Diverse reached out to one of those senators—Thad Cochran (R-Mississippi), chairman of the Senate Appropriations Committee—but did not get a response.
The letter—released by Doctors for America—alludes to the fact that, while there is not an outright ban on federal research into gun violence, that has been the practical effect of the so-called Dickey amendment, included in 1996 as a rider to the Labor-Health and Human Services-Education Appropriations bill.
“The language stated that the CDC could not fund research that would ‘advocate or promote gun control,’ and the language has remained in each subsequent annual funding bill,” the letter states. “At the same time, Congress cut CDC funding for this research.

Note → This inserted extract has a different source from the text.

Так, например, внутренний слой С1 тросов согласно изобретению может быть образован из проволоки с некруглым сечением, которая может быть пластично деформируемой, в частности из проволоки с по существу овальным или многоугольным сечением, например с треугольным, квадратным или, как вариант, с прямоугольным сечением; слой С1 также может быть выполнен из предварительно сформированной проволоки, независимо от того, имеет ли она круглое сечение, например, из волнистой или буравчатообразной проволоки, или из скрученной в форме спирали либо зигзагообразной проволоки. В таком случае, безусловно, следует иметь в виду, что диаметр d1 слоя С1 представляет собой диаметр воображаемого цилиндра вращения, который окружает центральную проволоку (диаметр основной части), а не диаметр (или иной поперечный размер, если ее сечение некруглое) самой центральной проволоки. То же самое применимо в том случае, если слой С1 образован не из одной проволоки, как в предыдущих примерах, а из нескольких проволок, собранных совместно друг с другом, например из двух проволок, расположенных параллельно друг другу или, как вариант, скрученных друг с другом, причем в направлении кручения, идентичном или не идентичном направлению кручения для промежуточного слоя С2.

“Although the Dickey amendment does not explicitly prevent research on gun violence, the combination of these two actions has caused a dramatic chilling effect on federal research that has stalled and stymied progress on gathering critical data to inform prevention of gun violence for the past 20 years,” the letter continues. “Furthermore, it has discouraged the next generation of researchers from entering the field.”

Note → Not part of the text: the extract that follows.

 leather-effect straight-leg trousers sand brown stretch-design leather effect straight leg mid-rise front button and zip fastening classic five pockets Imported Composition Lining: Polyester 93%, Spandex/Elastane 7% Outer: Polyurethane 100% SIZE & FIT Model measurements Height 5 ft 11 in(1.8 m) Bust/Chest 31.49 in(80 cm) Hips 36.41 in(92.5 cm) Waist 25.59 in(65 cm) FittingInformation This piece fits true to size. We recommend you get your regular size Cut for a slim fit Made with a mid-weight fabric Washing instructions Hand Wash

Cornell said research can play an important role in illuminating what works to reduce gun violence.
“There is promising scientific evidence that some limitations on gun access for certain high risk individuals are effective in reducing violent crime, but, without rigorous, large-scale studies, we cannot reach firm conclusions,” Cornell said. “We need to find what works so that we can do more of it and also find what does not work and stop trying that, too.”
In addition to calling for Congress to lift the ban on federal research into gun violence, Levine also expressed her aggrievedness over the Orlando mass murder as a “hate crime that is an assault on the entire LGBTQ community.” She called on researchers to “redouble its commitment to examining how bigotry can be eliminated and respect for diverse communities fostered.”
“This and other recent tragedies rooted in hate raise a broad range of societal and policy issues that are at the core of education and education research,” Levine said of the Orlando shooting. “Scholars, policy makers, and education practitioners have an important role to play in addressing many of the issues underlying the spread of extremism, the persistence of prejudice, and the prevalence of gun violence.”
She added: “Developing and promoting research-based programs and policies to reduce the risk of violence on campuses and in other public areas needs to be a major focus of education research.”